He once again fondly looks at it and puts it gently down on the cocktail table in the middle. We continue to talk, but I am no longer as comfortable. What I am thinking is; what the fuck? What does this man have on his mind? I feel a jolt of fear scurry through my spine.

We’re sitting in his time capsule of an apartment, completely sealed off from the outside world. Other than the elevator, there is a door at the very end of the living room that opens at the back of the building, which is double bolted. I know, there are keys in the kitchen, in case of emergency. And what could Antonio have against me?

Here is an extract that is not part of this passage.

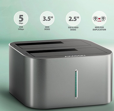 SuperSpeed USB-C 5Gbps dokovací / klonovací stanice AXAGON ADSA-DC DUAL CLONE připojí k počítači snadno a rychle až dva 2.5" nebo 3.5" disky současně. Připojení k počítači umožňuje moderní oboustranný USB-C konektor na doku spolu s dodávaným kabelem USB-C --- USB-A o délce 80 cm. Tento šikovný pomocník vám tak umožní nejjednodušší připojení 2.5"/3.5" SATA disků k počítači nebo notebooku. Jeden nebo i dva disky současně jen stačí zasunout do základny, nejsou potřeba žádné nástroje ani doplňky. Výměna disků je tak velmi rychlá a jednoduchá. Dokovací stanici také využijete pro snadné klonování obsahu připojených disků bez potřeby připojení k PC. Do prvního slotu stanice HDD A (source) zasunete zdrojový disk a do druhého slotu HDD B (target) zasunete cílový disk. Pak jen zmáčknete klonovací tlačítko a sledujete průběh klonování na stupnici čtyř LED diod. Po zkopírování všech dat je na cílovém disku přesná kopie původního disku. Dock tak lze využít jako autonomní zařízení pro pohodlné duplikování a vytváření obrazů disků. Jedná se o nejjednodušší způsob, jak přenést obsah například starého HDD disku na nový SSD disk, a to včetně funkčního operačního systému (Windows, macOS, Linux …). Rozhraní SATA 6G s podporou UASP dovolí užívat si rychlost moderních SSD disků. Podpora funkce TRIM pro omezení pozvolné degradace výkonu SSD v čase. Stanice umožňuje čtení S.M.A.R.T. informací monitorujících kondici HDD/SSD. Podporuje usínání připojených disků i stanice. Skříň stanice je dostatečně robustní a odolná, což umožňuje dokonalou stabilitu i s vloženými disky. Gumové nožky omezují posouvání po stole a vibrace pevných disků. Vnější plášť je proveden z hliníku s elegantním broušeným povrchem. Vstup: • USB-C 5Gbps (USB 3.2 Gen 1 / USB 3.0). • Rychlost až 5 Gbit/s. • Připojení přes USB-C female konektor. Podpora zařízení: • Rozhraní SATA III - 6 Gb/s (600 MB/s). • Podpora 2.5" HDD/SSD. • Podpora 3.5" HDD. • Max. kapacita disku - všechny bez omezení. • Max. výška 2.5" disku - všechny bez omezení. Vlastnosti: • Kompatibilní s USB 3.2 Gen 2 (USB 3.1 Gen 2) a zpětně kompatibilní s USB 2.0. • Podpora přenosových rychlostí 5000 / 480 Mbit/s. • Vyhovuje Serial ATA 3.0 specifikaci (SATA/600), přenosové rychlosti až 6 Gb/s (600 MB/s). • Vyhovuje Serial ATA 2.0 specifikaci (SATA/300), přenosové rychlosti až 3 Gb/s (300 MB/s). • Vyhovuje Serial ATA 1.0 specifikaci (SATA/150), přenosové rychlosti až 1.5 Gb/s (150 MB/s). • Celková propustnost / přenosová rychlost stanice je dána použitým USB rozhraním (teor. 5 Gbit/s). • Vyhovuje USB Mass Storage Class specifikaci. • Podpora BOT (Bulk-Only Transport). • Podpora UASP (USB Attached SCSI Protocol) pro rychlejší přenos dat ve Windows 8 a novějších. • Podpora funkce TRIM pro omezení pozvolné degradace výkonu SSD v čase. • Podpora S.M.A.R.T. (Self-Monitoring, Analysis, and Reporting Technology) systém monitorující stav disku. • Podpora bootování z HDD/SSD v dokovací stanici. • Možnost připojení zařízení za chodu díky podpoře Hot Plug. • Plná podpora Plug and Play. • HDD Auto Spin down - vypínání disků při nečinnosti. • HDD Turn Off - vypnutí disku po odebrání zařízení nebo uspání PC. • Připojení přes USB-C female konektor. • Kabel USB-C --- USB-A délky 80 cm je součástí balení. • LED indikující napájení HDD/SSD docku a aktivitu disků v obou šachtách. • Rozměry stanice 130 x 97 x 73 mm. • Hmotnost 307 g. Napájení: • Napájení pomocí přiloženého externího AC/DC adapteru 12V – 2.5A (30W) s kabelem délky 150 cm. • Vypínač napájení. Funkce klonování obsahu disku: • Klonování probíhá bez připojení stanice k počítači. • Cílový disk musí mít stejnou nebo větší kapacitu jako disk zdrojový, jinak nelze klonování spustit. • Klonovat lze jak pevné disky HDD tak SSD. • Rychlost klonování SSD až 300 MB/s. • Celkový čas naklonování disku závisí na kapacitě zdrojového disku, ne na objemu dat na disku. Podporované operační systémy: • Windows, macOS, Linux, Chrome OS. Balení obsahuje: • HDD/SSD dock, • USB-C --- USB-A kabel délky 80 cm, • napájecí adapter 100-240V / 12V-2.5A, • vícejazyčný návod CZ / DE / DK / ENG / ESP / FIN / FR / GR / HR / HU / IT / NL / PL / PT / RO / RU / SK / SWE / TR / BG / CN / ARA, • baleno v kartonové krabičce. Technická specifikace Vstup rozhraní USB 3.2 Gen 1 / USB 3.1 Gen 1 / USB 3.0 / USB 2.0 rychlost 5.000 / 480 Mbit/s ( super speed / high speed) konektor USB type C samice (na docku) konektor USB type A samec (na kabelu do pc) kabel 80 cm Výstup rozhraní Serial ATA 3.0 konektor 2x 22-pin SATA datový a napájecí samice kompatibilita všechny SATA I / SATA II / SATA III disky celková propustnost 5 Gbit/s teor. (dána USB 3.0 vstupem) Podporované zařízení 2.5" ano 3.5" ano max. kapacita disku všechny, bez omezení max. výška 2.5" disku všechny, bez omezení Podporované vlastnosti klonování disků ano UASP ano TRIM ano S.M.A.R.T. ano boot z připojeného disku ano automatická instalace ano Plug and Play ano Hot Plug ano Další vlastnosti provedení kov bezšroubková montáž ano indikace LED ovládací prvky tlačítko CLONE - spouští klonování disků rozměry 130 x 97 x 73 mm hmotnost 307 g Napájení po sběrnici ne napájecím adaptérem ano Podpora OS MS Windows 11 / 10 / 8.1 / 8 / 7 Mac OS X 10.x a vyšší Linux 2.6.x jádro a vyšší |

I try to think of the women I have been out with in Mexico City and wish that none of them had anything to do with the man sitting across from me. You know, sort of honor killing. If her were to pull the trigger for whatever reason, no one would hear the bullets popping. His lackeys would get rid of me in a classic Mexican maneuver as if I disappeared in the thin air walking down Paseo de la Reforma. Adios Amigo! My thoughts sound absurd. But they occur to me nevertheless. Outwardly, I stay cool and carry on.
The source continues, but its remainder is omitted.